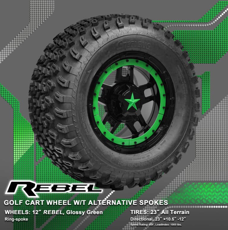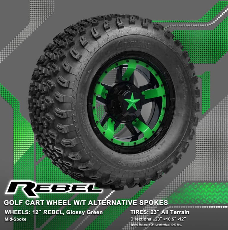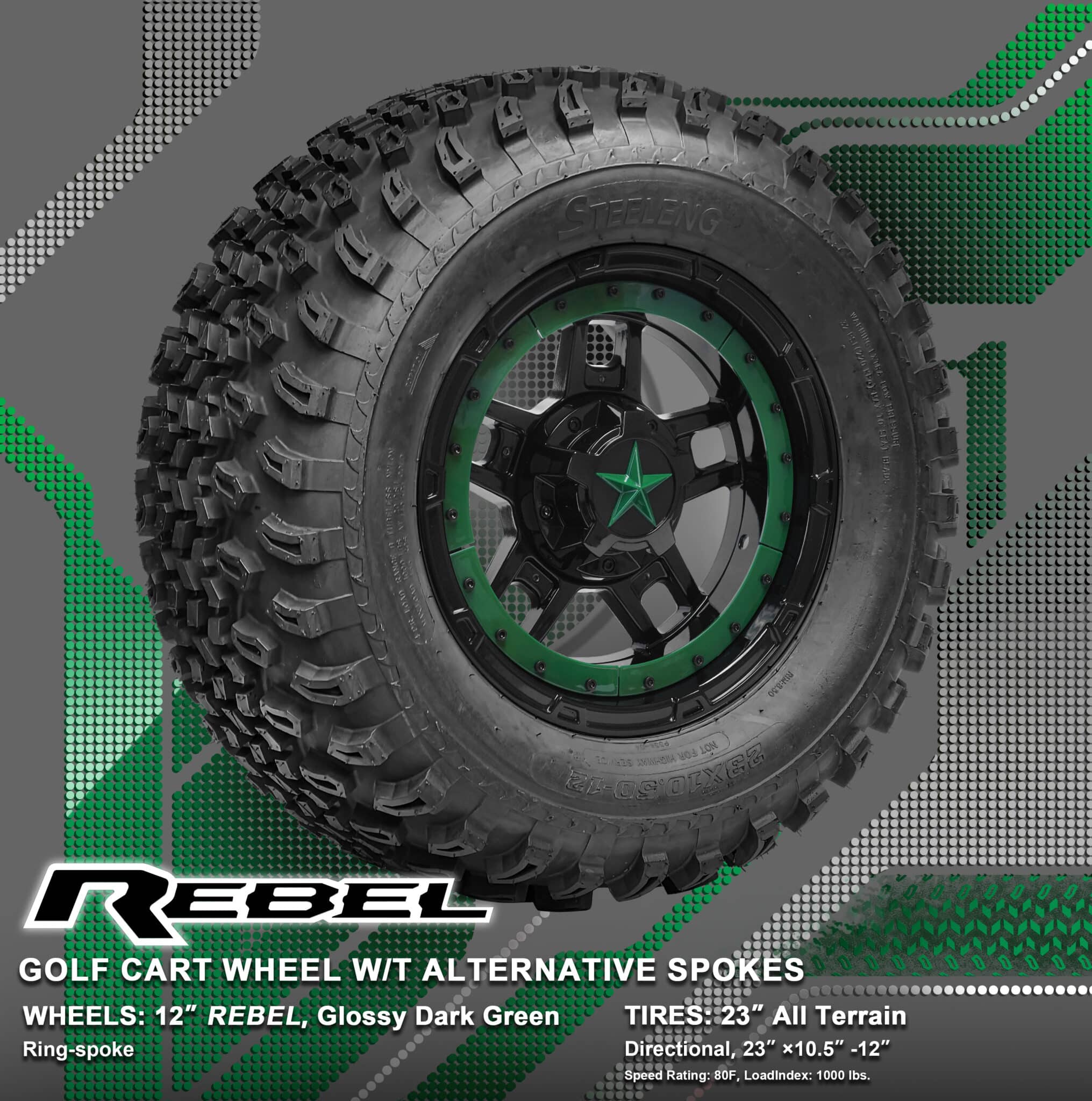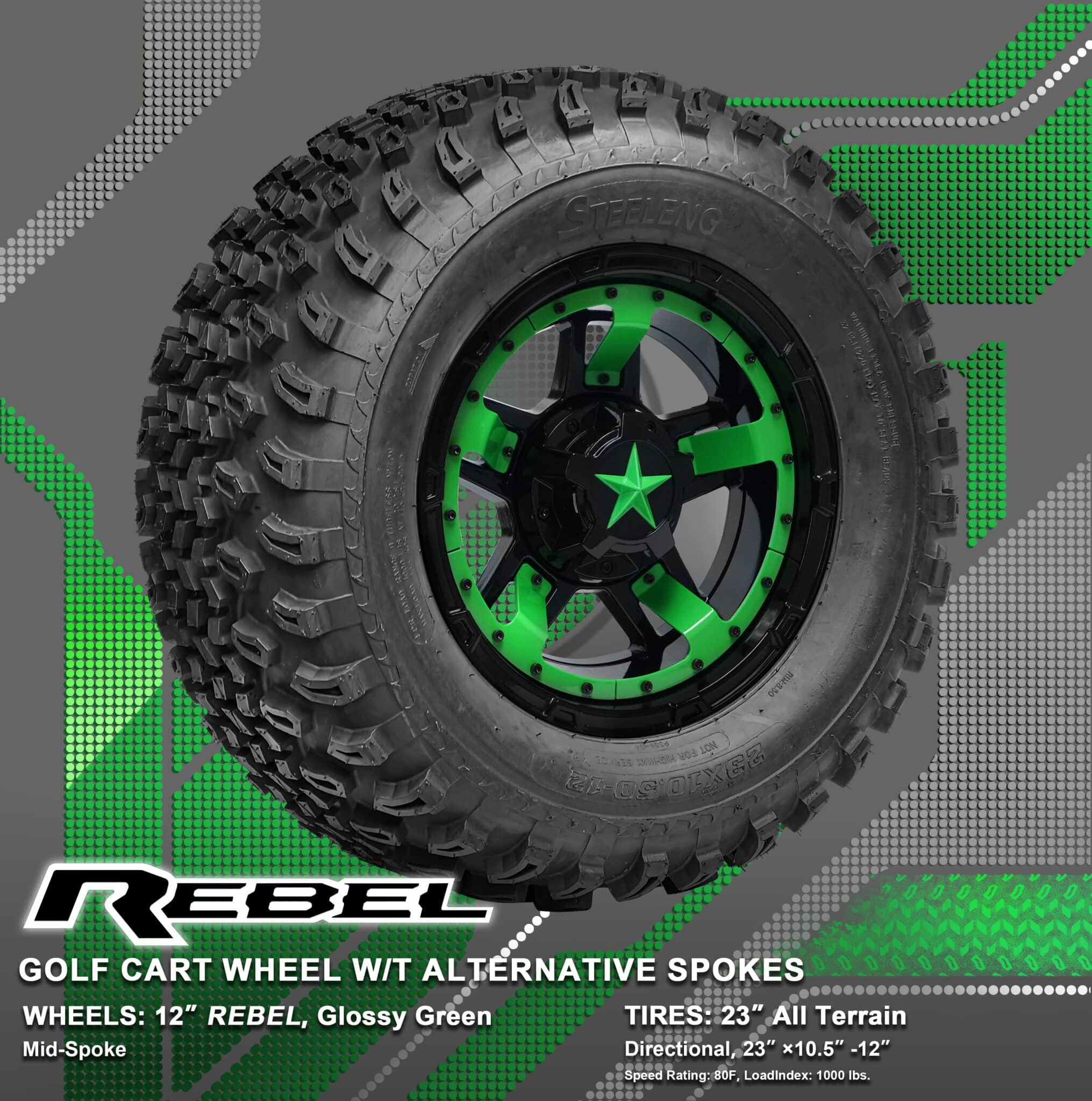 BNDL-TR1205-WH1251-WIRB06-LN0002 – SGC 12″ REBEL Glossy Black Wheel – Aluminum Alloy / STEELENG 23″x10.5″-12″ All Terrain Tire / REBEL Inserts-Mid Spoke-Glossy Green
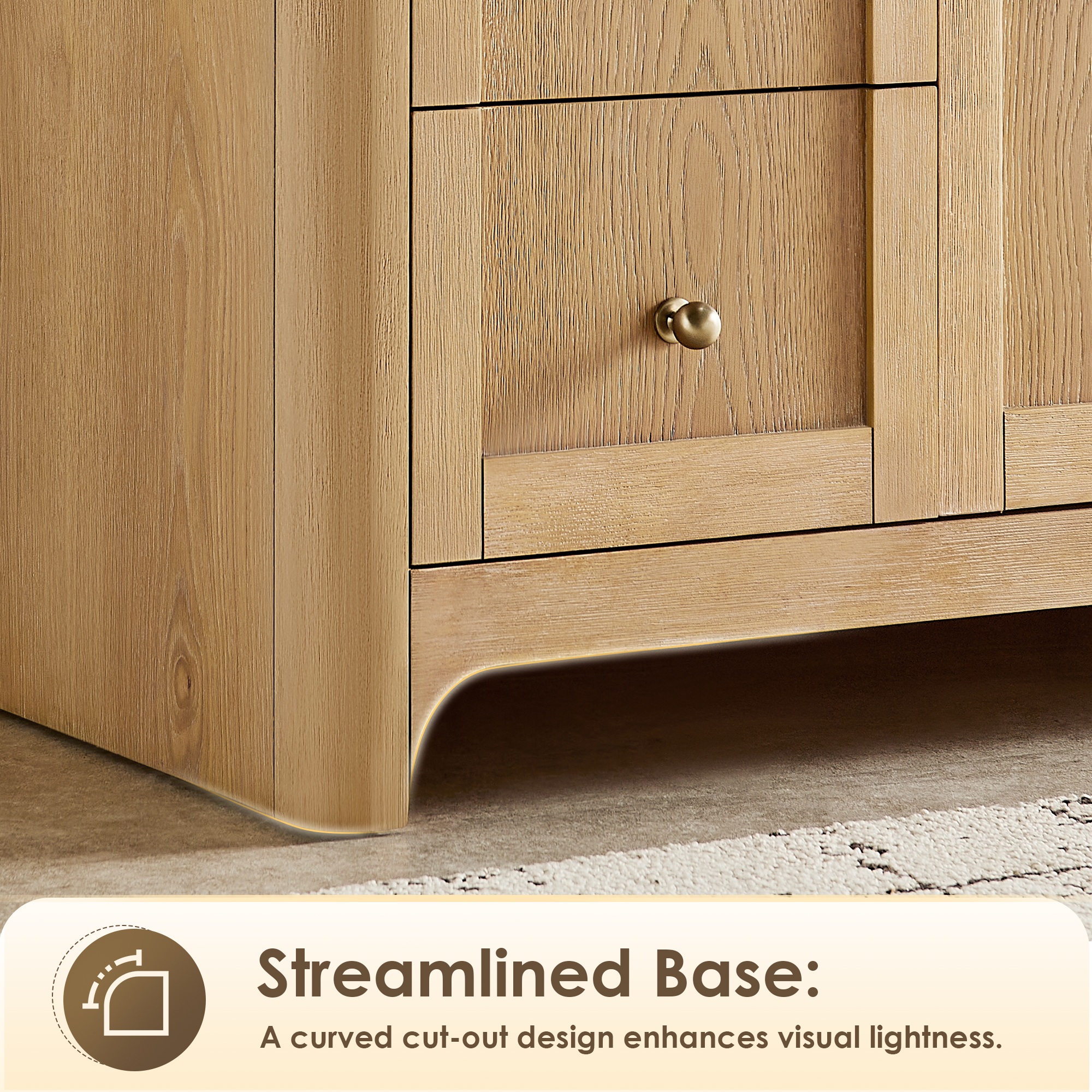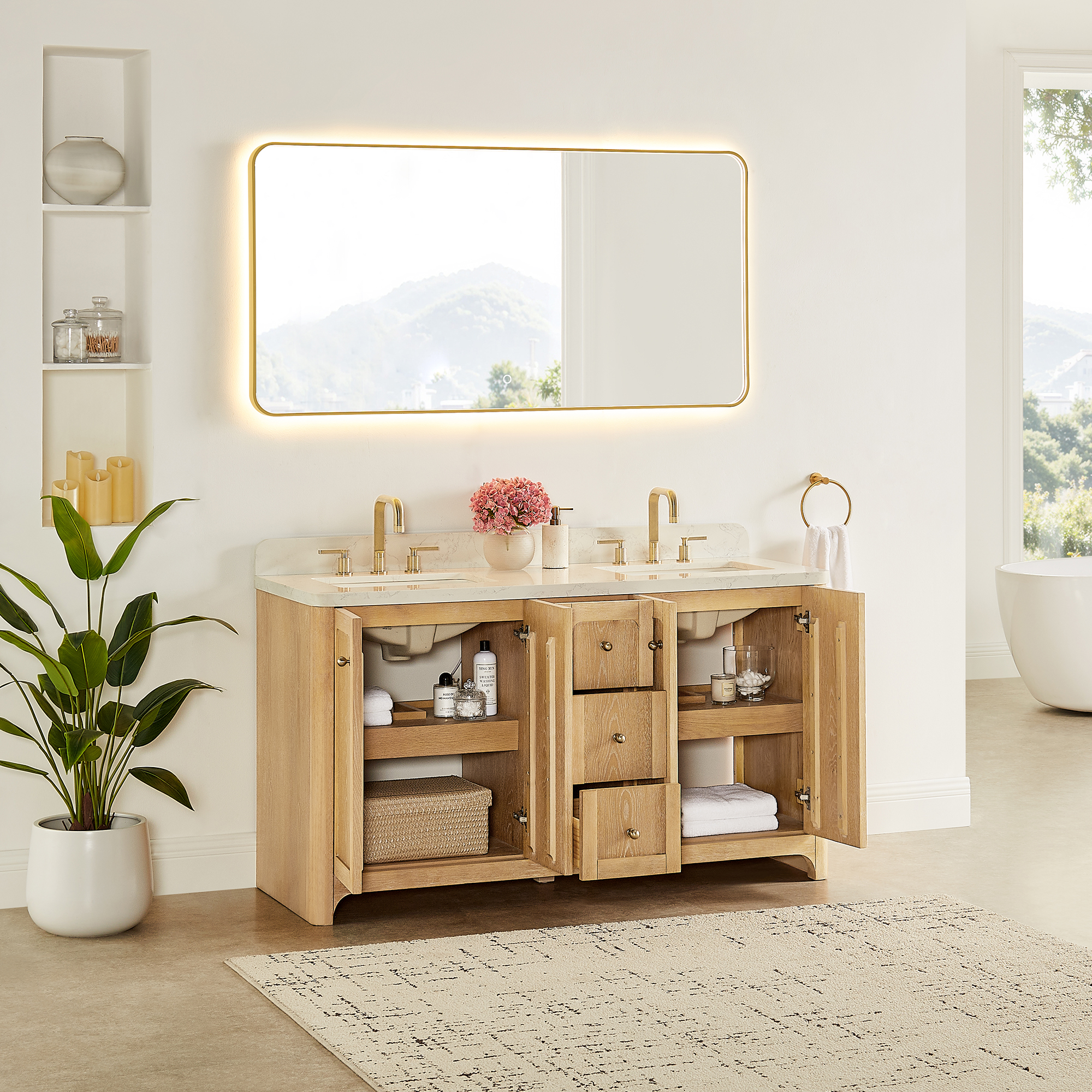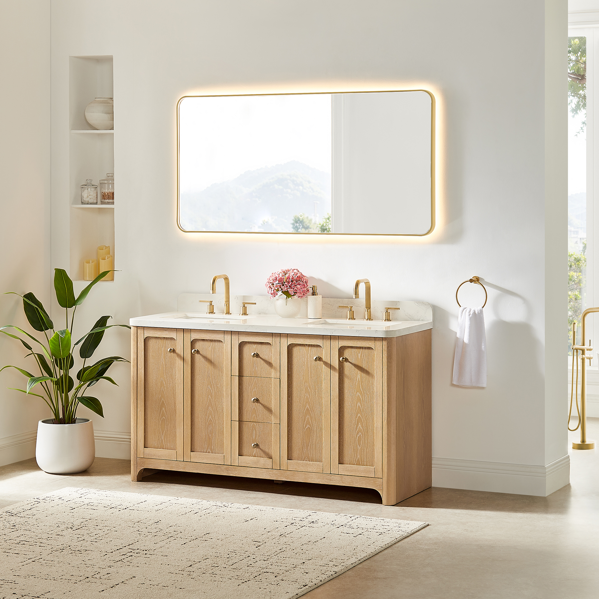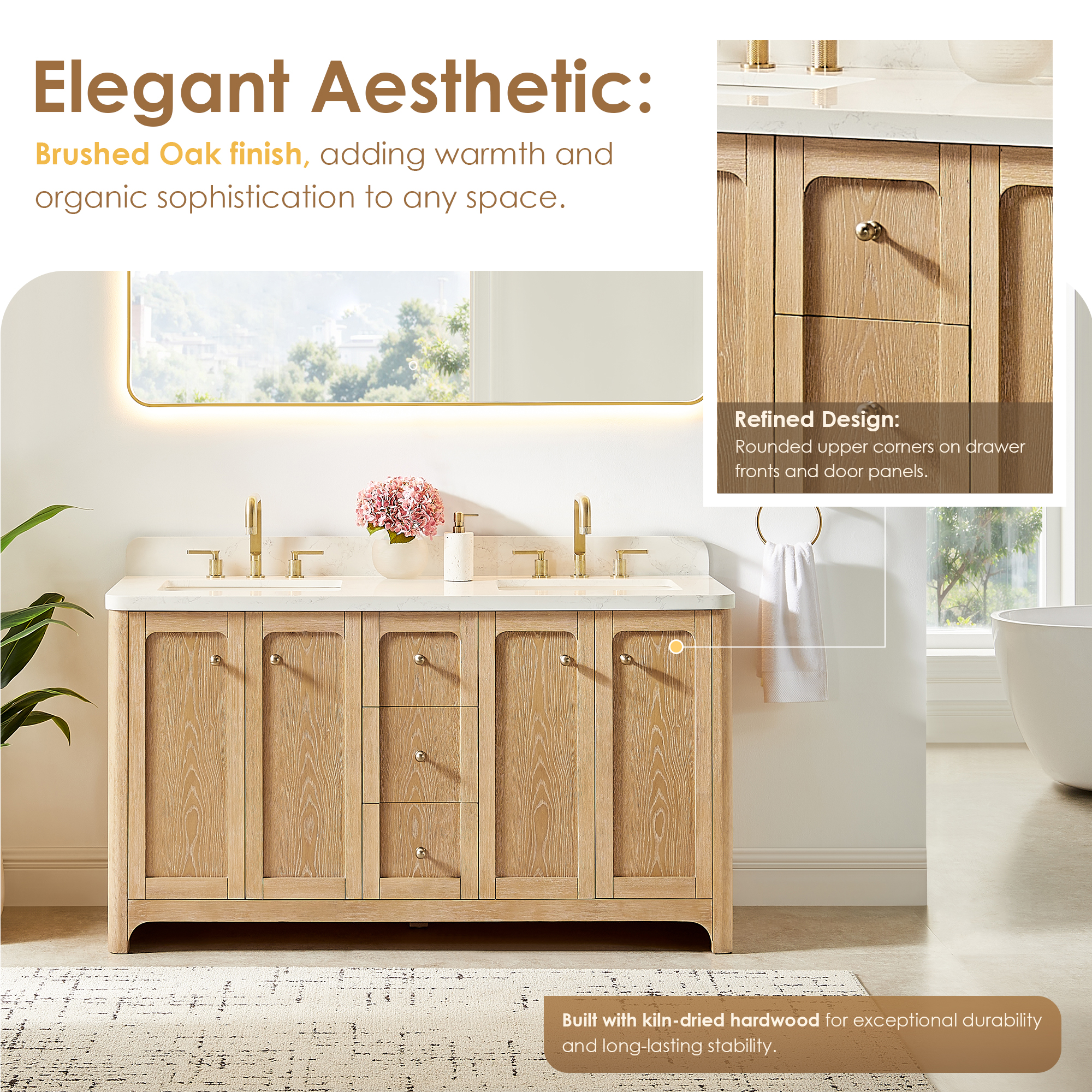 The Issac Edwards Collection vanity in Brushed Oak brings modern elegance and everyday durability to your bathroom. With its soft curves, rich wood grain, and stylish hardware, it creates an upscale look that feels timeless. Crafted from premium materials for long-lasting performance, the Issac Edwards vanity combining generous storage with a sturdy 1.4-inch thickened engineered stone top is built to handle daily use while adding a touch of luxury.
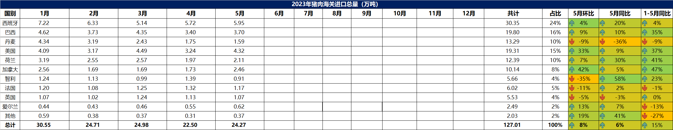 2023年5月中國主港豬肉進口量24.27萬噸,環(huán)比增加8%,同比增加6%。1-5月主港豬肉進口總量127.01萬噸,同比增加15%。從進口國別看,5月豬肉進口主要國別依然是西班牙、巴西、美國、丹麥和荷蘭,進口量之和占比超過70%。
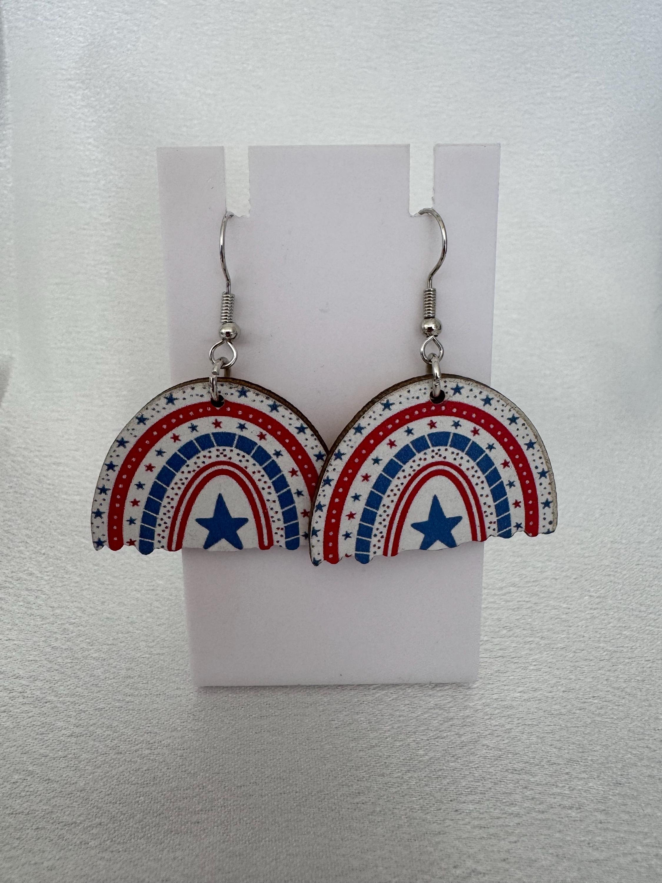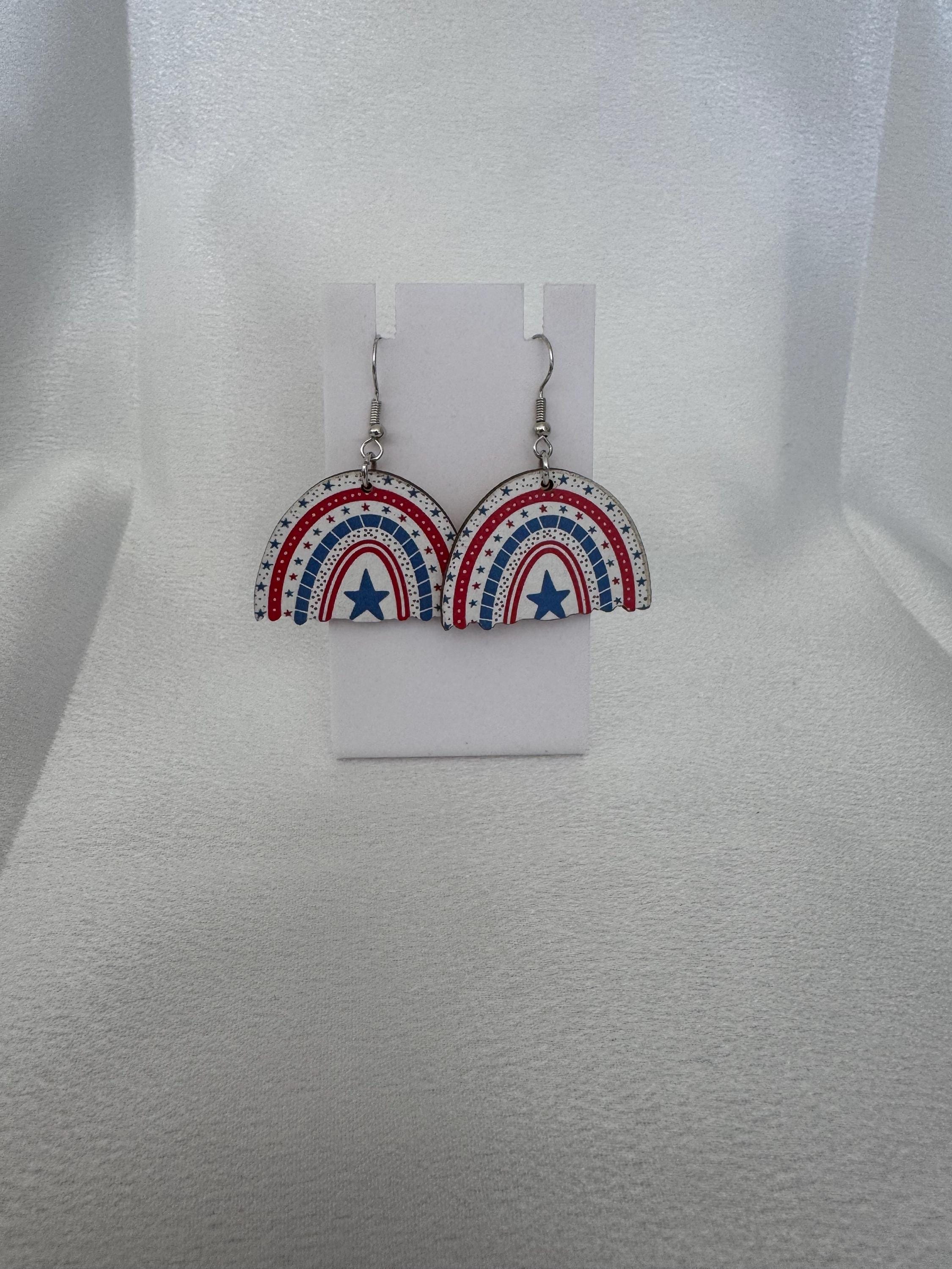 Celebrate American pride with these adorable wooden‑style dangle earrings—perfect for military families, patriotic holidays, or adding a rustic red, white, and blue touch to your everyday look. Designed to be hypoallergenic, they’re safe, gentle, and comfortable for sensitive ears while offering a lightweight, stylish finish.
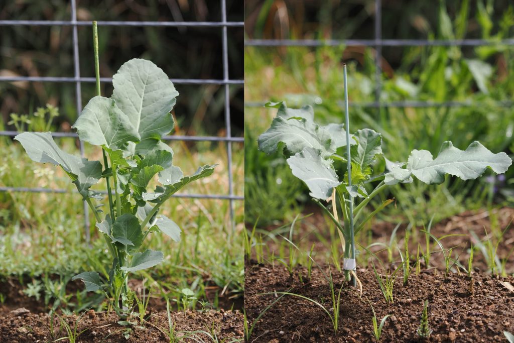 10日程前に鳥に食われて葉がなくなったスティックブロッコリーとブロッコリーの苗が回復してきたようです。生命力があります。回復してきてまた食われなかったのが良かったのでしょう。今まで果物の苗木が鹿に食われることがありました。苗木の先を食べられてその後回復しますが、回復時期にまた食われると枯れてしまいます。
::::::::::
__About this exercise__: Restate the lines of the records exactly, starting at the first and stopping after the line with "The Issac Edwards Collection". Leave out any picture.

__Answer box__:
 BNDL-TR1205-WH1251-WIRB06-LN0002 – SGC 12″ REBEL Glossy Black Wheel – Aluminum Alloy / STEELENG 23″x10.5″-12″ All Terrain Tire / REBEL Inserts-Mid Spoke-Glossy Green
 The Issac Edwards Collection vanity in Brushed Oak brings modern elegance and everyday durability to your bathroom. With its soft curves, rich wood grain, and stylish hardware, it creates an upscale look that feels timeless. Crafted from premium materials for long-lasting performance, the Issac Edwards vanity combining generous storage with a sturdy 1.4-inch thickened engineered stone top is built to handle daily use while adding a touch of luxury.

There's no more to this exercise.